Canada currently has no federal EV program. In B.C., buyers get a $5,000 rebate on qualifying battery EVs and $2,500 on qualifying plug-in EVs. There’s also the BC Scrap-It® program’s 2017 incentives: $6,000 for buying a new EV (only 500 of these incentives are available); $3,000 for taking a pre-2015 gas vehicle off the road while switching to an EV.
BC Hydro has been working to remove barriers to owning and operating EVs in B.C. and is aligning with the B.C. government’s Climate Leadership Plan, which calls for a reduction in net annual greenhouse-gas emissions of up to 25 million tonnes below current forecasts for 2050. Since 98% of BC Hydro’s energy generation is clean and renewable, the switch from combustion cars to vehicles that plug into the power grid is one way to address this issue. Current efforts include expanding the province’s (DC) fast-charging network, investing in new charging technology and educating consumers about EVs.
Down the wire
While EVs have made major strides, widespread adoption will require a cultural shift, says Tsang. “EVs require people to change their thinking around how they use their vehicle.” Considering the average car sits unused 95% of the time and the vast majority of drivers only make daily trips of 7.5 km on average, most rarely need to think about charging.

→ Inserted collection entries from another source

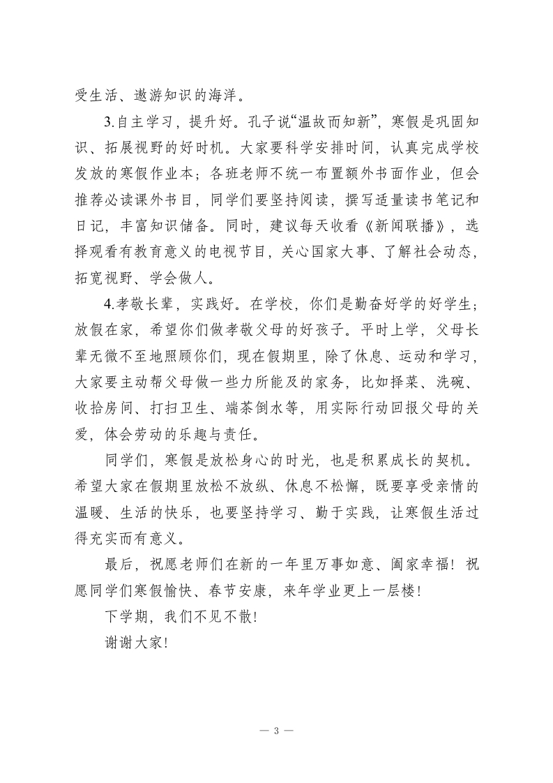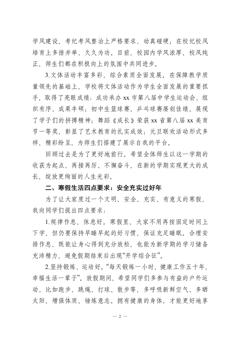 秋季学期寒假前校长总结讲话:盘点一学期成绩,给寒假生活提4点要求老师们、亲爱的同学们:大家上午好!时光匆匆,仿佛秋季开学的场景还在眼前,转眼间本学期就已圆满结束。从今天下午起,大家期盼已久的寒假正式开启,我和大家一样,满心都是欢乐与期待。这一学期,学校始终以“稳定、健康、持续发展”为核心,以提升教学质量为根本,以改革创新为动力,以完善校园硬件建设为支撑,全体师生励精图治、锐意进取,为学校提升办学品位、创建品牌学校打下了坚实基础。在此,我谨代表学校党支部、校委会,向辛勤耕耘、无私奉献的老师们致以衷心的感谢!向勤奋好学、奋勇争先、取得优异成绩的同学们表示热烈的祝贺!一、一学期工作回顾:在耕耘中收获成长1.校园环境提质升级,文化氛围愈发浓厚。经过前期的精心规划与打磨,学校遵循“净化、美化、人文化”原则,对校园绿化布局、校内道路、运动场及安全通道进行了深度改造。如今的校园,环境整洁优美,同学们讲文明、懂礼仪的意识显著增强,环境育人的效果日益凸显。2.教学质量稳步提升,学风校风持续向好。学校始终把“追求稳定优质的教育质量”作为发展核心,着力增强核心竞争力:扎实开展课堂有效性研究,优化教学方法、提升课堂效率;在1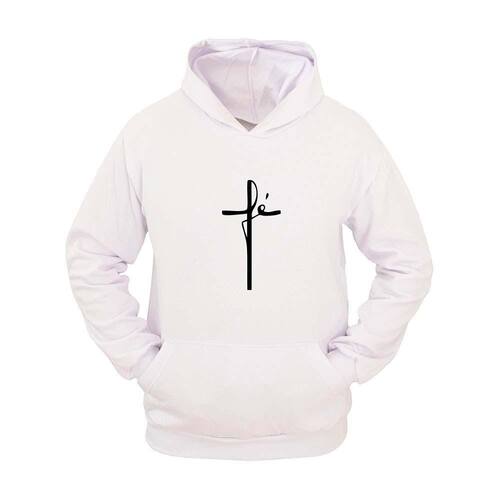 Moletom Masculino Canguru Com Capuz Estampa Fé Conforto - Branco - G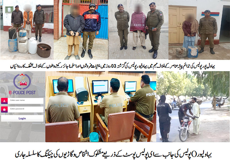 تفصیلات کے مطابق انسپکٹر جنرل پنجاب اورایڈیشنل انسپکٹر جنرل پولیس جنوبی پنجاب کی جاری کردہ مہم پر ڈسٹرکٹ پولیس آفیسرعبادت نثار کی سر براہی میں اور تمام ایس ڈی پی اوز کی زیر نگرانی تمام ایس ایچ اوز نے ضلع بہاولپورمیں منشیات اور شراب فروشوں کے خلاف مہم جاری۔ بہاول پورپولیس جرائم پیشہ عناصرکے خلاف کارروائیاں جاری رکھے ہوئے ہے۔ تھانہ ڈیرہ نواب صاحب،کینٹ،سٹی یزمان،صدر یزمان اورڈیراور پولیس نے منشیات فروش کے خلاف کارروائی کرتے ہوئے05عدد ملزمان کو گرفتارکرکے قبضہ سے4کلو170 گرام چرس برآمدکرلی۔ تھانہ صدر احمدپور شرقیہ،نوشہرہ جدید،ڈیرہ نواب صاحب اور خیرپور ٹامیوالی پولیس نے شراب فروشوں کے خلاف کارروائیاں کرتے ہوئے 06عددملزمان کو گرفتارکرکے ان کے قبضہ سے320 لیٹر دیسی شراب و لہن115لیٹر اور02عدد چالو بھٹیاںبرآمد کر لی۔تھانہ ڈیرہ نواب صاحب،کوتوالی اور مسافر خانہ پولیس نے اسلحہ نا جائز رکھنے والوں کے خلاف کاروائی کرتے ہوئے03عدد ملزمان کو گرفتار کر کے قبضہ سے01عدد پسٹل 30 بور اور 02عدد ریوالور 32بور برآمد کرلیا۔تھانہ صدر احمد پور شرقیہ اوربغداد الجدید پولیس نے جوا کھیلنے والے 11ملزمان کو گرفتار کر کے ان کے قبضے سے دائو پر لگی رقم برامد کر لی۔ متعلقہ پولیس نے گرفتار ملزمان کے خلاف الگ الگ مقدمات درج کر لیے،ڈی پی او نے اپنے پیغام میں کہا کہ جرائم پیشہ عناصر کے خلاف کارروائیاں جاری رکھتے ہوئے مزید بڑی کارروائیاں کریںتاکہ بہاول پور منشیات جیسی لعنت سے پاک کیا جاسکے۔کسی مشکوک سرگرمی کی صورت میں پولیس ہیلپ لائن 15پر کال کر کے اطلاع دیں اور ذمہ دار شہری ہونے کا ثبوت دیں۔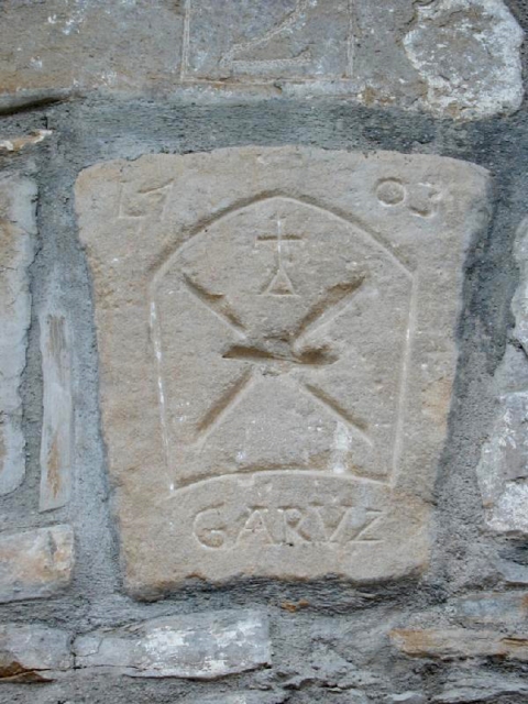 Casa que con la vivienda y las construcciones auxiliares forma un recinto semicerrado en torno a un espacio central que tuvo las funciones de corral y era. Al N y E está cerrado por el espacio de vivienda que en la planta baja del lado N abre a la era con dos arcos; al S por dos pajares cerrados y al O por torre precedida por edificio de dos pisos con arcada de tres vanos, ahora cegados, en la planta baja. El acceso desde el exterior se realiza desde el ángulo SE. Desde la calle ofrece una fachada muy reducida que se limita a un cuerpo de dos plantas que articula la unión entre las alas de vivienda (N y E). En la planta baja se instala la puerta en arco de medio punto precedida por porche cubierto con tramo de bóveda de cañón. En la rehabilitación que están llevando a cabo los propietarios, que por el momento sólo afecta al espacio de vivienda, se colocaron en esta fachada dos escudos procedentes de otras partes de la casa. Uno de ellos estaba colocado sobre la puerta de una capilla, ahora inexistente, ubicada delante de la casa, cerrando la calle por el lado E. Está realizado en un bloque de caliza del que se ha fragmentado un lateral. Se trata de un escudo con un solo campo acabado en punta en cuyo interior se han tallado tres filetes horizontales; al exterior, por incisión, se decora con líneas que se enroscan en roleos. El segundo, colocado sobre el porche, procede de la clave de una puerta. El trabajo se ha realizado por incisión, siendo el motivo principal una cruz en aspa con un travesaño horizontal corto; encima, cuz latina que arranca de un pequeño calvario. Se delimita por forma en escudo invertida. En la parte superior de la dovela, la fecha 1703 y, en la inferior, "GARUZ". De la puerta se pasa al porche abierto hacia la era y orientado al sol de mediodía; enfrente de la puerta arrancan las escaleras de acceso a la planta superior. El elemento más destacado del conjunto es la torre O. Construida en mampostería, trabada con bastante mortero a partir del segundo piso, en el que la superficie llega a revocarse. Cubre con tejado de losas a dos vertientes. Tiene cuatro plantas, estando la última separada por una moldura recta. Al O abren tres ventanas con perfiles cuadrados delimitados por cuatro piezas de piedra para dintel, jambas y antepecho. Los lados E y S están modificados, porque la torre, que en principio estaría habitada, amplió sus estancias con construcciones adosadas a estos frentes. Se levantó un edificio de dos plantas en mampostería, cubierto a dos vertientes con tejado de losa, que en la planta baja abre con tres arcos hacia el E. Este sería el espacio destinado a las cuadras. En la segunda planta, también orientada hacia el sol de la mañana, se instaló una solana con acceso en puerta adintelada desde la torre. De este lado sobresalen los dos últimos pisos de la torre con la presencia e un palomar que, posiblemente, obligara a hacer una entreplanta interior para acceder a él. La ampliación continuó con las bordas adosadas del lado S. Debieron tener un alero en saledizo que en el ángulo de unión con la casa se convirtió en cubierto Sería en el siglo XVIII cuando la torre y su ampliación resultan demasiado reducidos y se decide la construcción de la actual vivienda.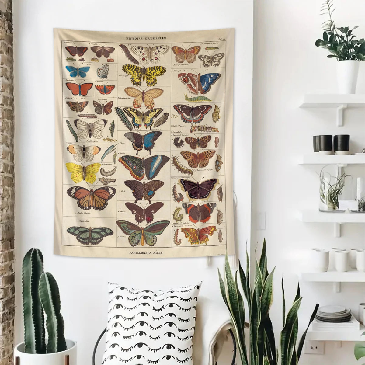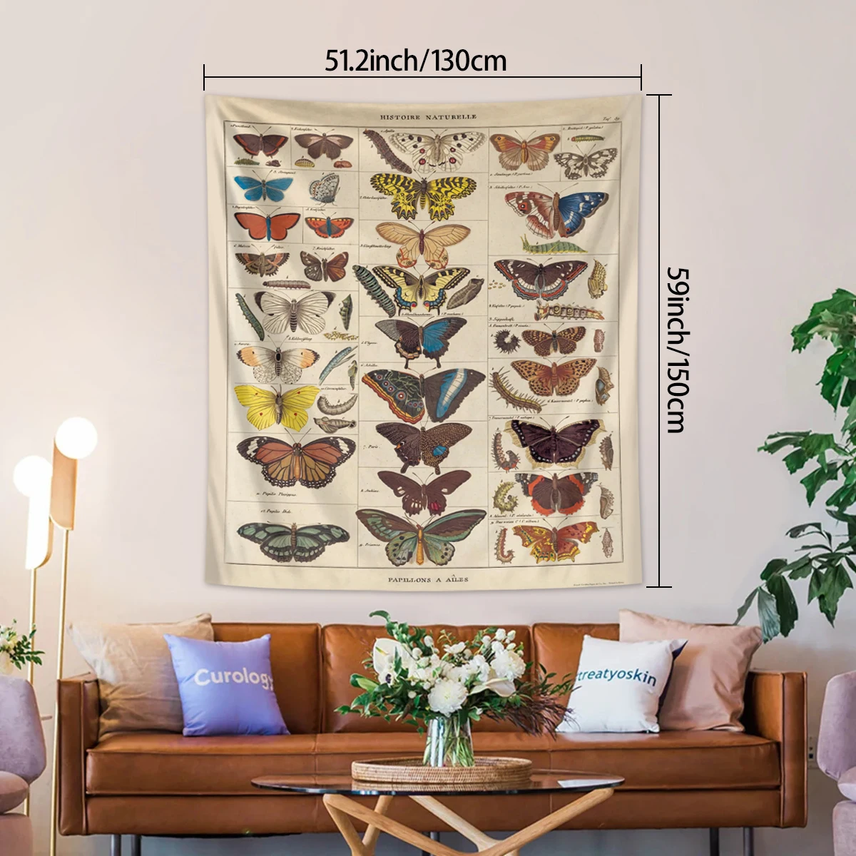 1pc Retro Butterfly Tapestry, Colorful Butterfly Retro Tapestry Wall Hanging, Insect Butterfly Tapestry Bedroom Decoration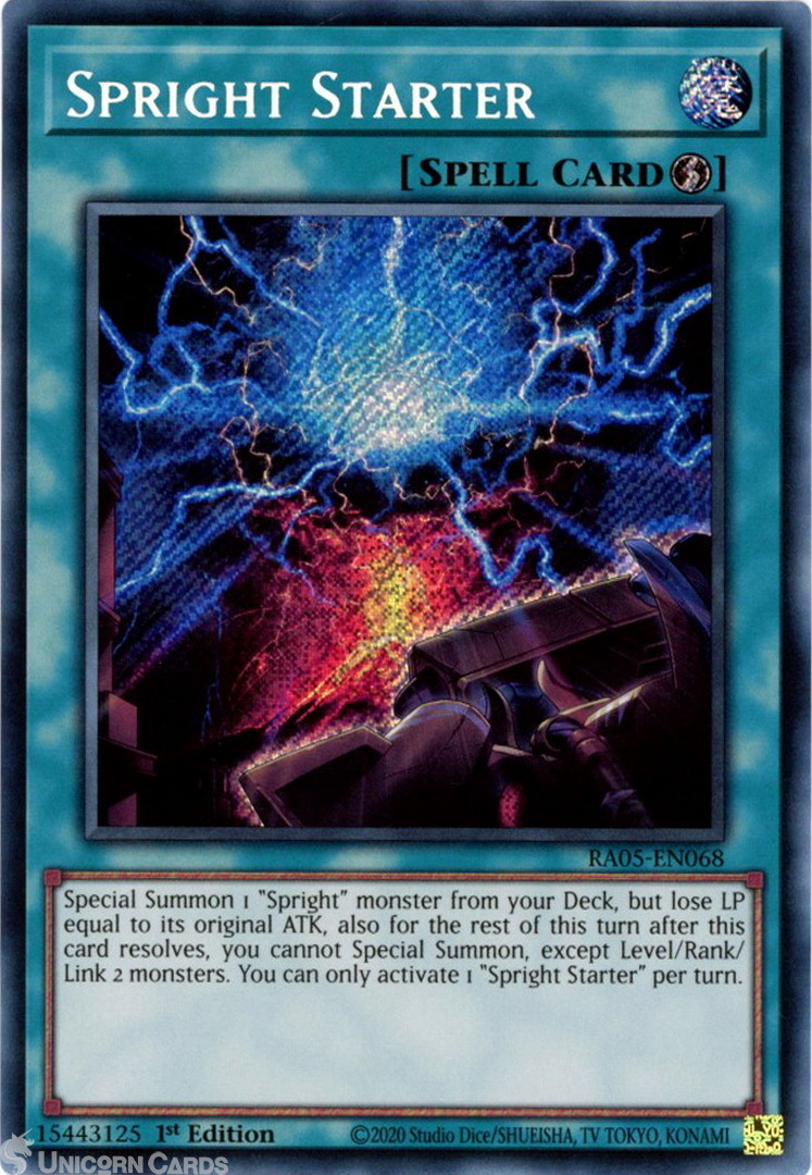 - RA05-EN068 Spright Starter : Secret Rare 1st Edition Mint YuGiOh Card

Over time and in combination with other changes in transportation technology and infrastructure – public transit, cycling, driverless vehicles – EVs could rewrite the rules of how we develop cities, with gas stations becoming as rare as phone booths. For now, one thing is certain: with more models hitting the market every year, and more drivers going electric than ever before, EVs are rapidly accelerating into the mainstream.